Wednesday, December 21, 2011

The Bourne Idiocy, Part Deux

In As You Like It, Shakespeare famously wrote: "All the world's a stage, and all the men and women merely players [who] have their exits and their entrances."

However, many Hollywood stars think they're more than just "players" (and lotsa luck dragging them off stage). Some evidently believe stardom confers Cicero-like wisdom. Take Matt Damon. Doing his best Marcus Aurelius imitation (i.e., Jason Bourne in a toga), he recently told Elle magazine that he is disappointed with President Obama. "You know, a one-term president with some balls who actually got stuff done would have been, in the long run of the country, much better,” he said. This, mind you, is coming from a college drop-out (Damon) with the gall to critique the guy who earned two university degrees, edited the Harvard Law Review and became leader of the free world while being black. But I guess starring as "Bill the Krill" in Happy Feet 2 has given Damon special insight into judging presidential leadership.

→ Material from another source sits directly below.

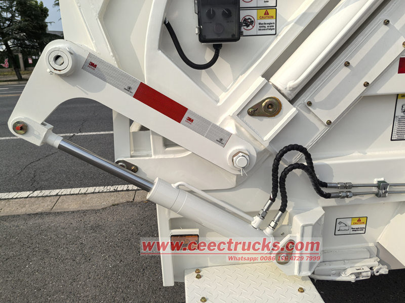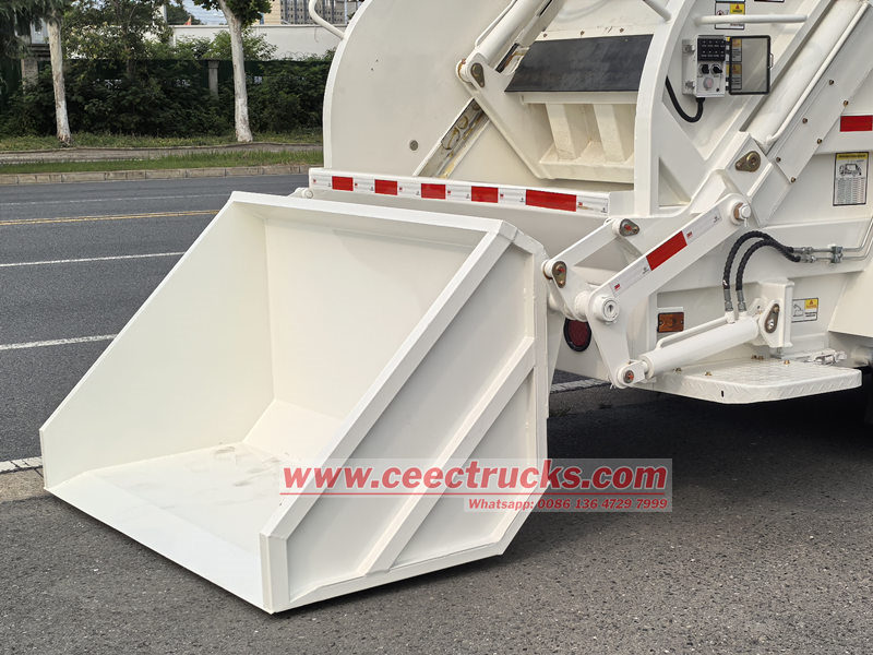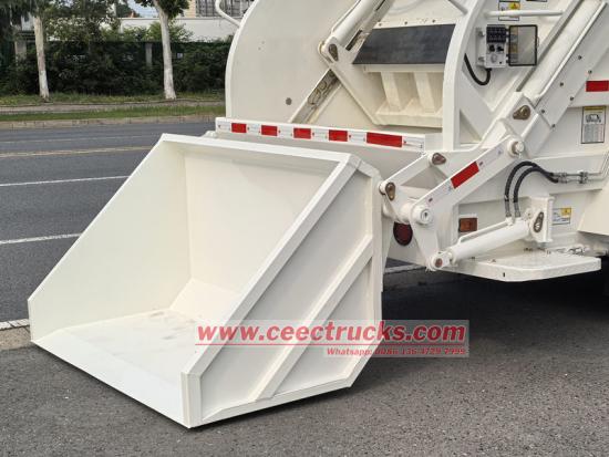 ● HOWOリアローダーゴミ収集車のゴミ箱とローダーは、高品質の炭素鋼板溶接構造を採用しており、ゴミ箱は円弧状断面を採用しています。ゴミ箱には折りたたみ式のシャベルが装備されており、シャベルシリンダーによって駆動され、ゴミ箱底の両側にあるガイドレールに沿ってスライドします。シャベルはゴミを降ろすだけでなく、ゴミ箱の前端を閉じる役割も果たします。

Even Elle noted Damon's "now-familiar tone of wounded idealism." Evidently, Damon & Friends thought they had elected the Messiah to the White House. With Resurrection 2.0 nowhere in sight, they're crestfallen. What they got instead was the most productive president in half a century and who operates with the brains, efficiency and, yes, ruthlessness of Michael Corleone. Just ask Obama's opponents in The Five Families worldwide. Yes, Obama had to compromise at times -- you know, like those dithering Founding Fathers -- and he hasn't gotten everything he wants. But Bach's Präludium D Major is still playing in the background. (Think The Godfather, the Baptism sequence.) And yet Damon is convinced that Obama lacks cojones and has little to show since inauguration. Why do the Wizard of Oz lyrics to "If I Only Had A Brain" suddenly leap to mind?
(Dorothy)
With the thoughts you'd be thinkin'
You could be another Lincoln
If you only had a brain ...
Damon's observation is meaningless, of course. Were he a starring member of a theatre troupe in 180 AD and he made similar remarks about Emperor Aurelius, Damon's head would quickly find itself mounted on a Roman pike. Gaius Barackus Obama is more forgiving. But, like the Godfather, he also doesn't miss a thing. The president put the matter into proper perspective when he addressed the White House Correspondents' Dinner in Washington: "I've even let down my key core constituency: movie stars. [laughter] Just the other day, Matt Damon -- I love Matt Damon, love the guy -- Matt Damon said he was disappointed in my performance. [dramatic pause] Well, Matt, I just saw The Adjustment Bureau, so ... right back atcha, buddy."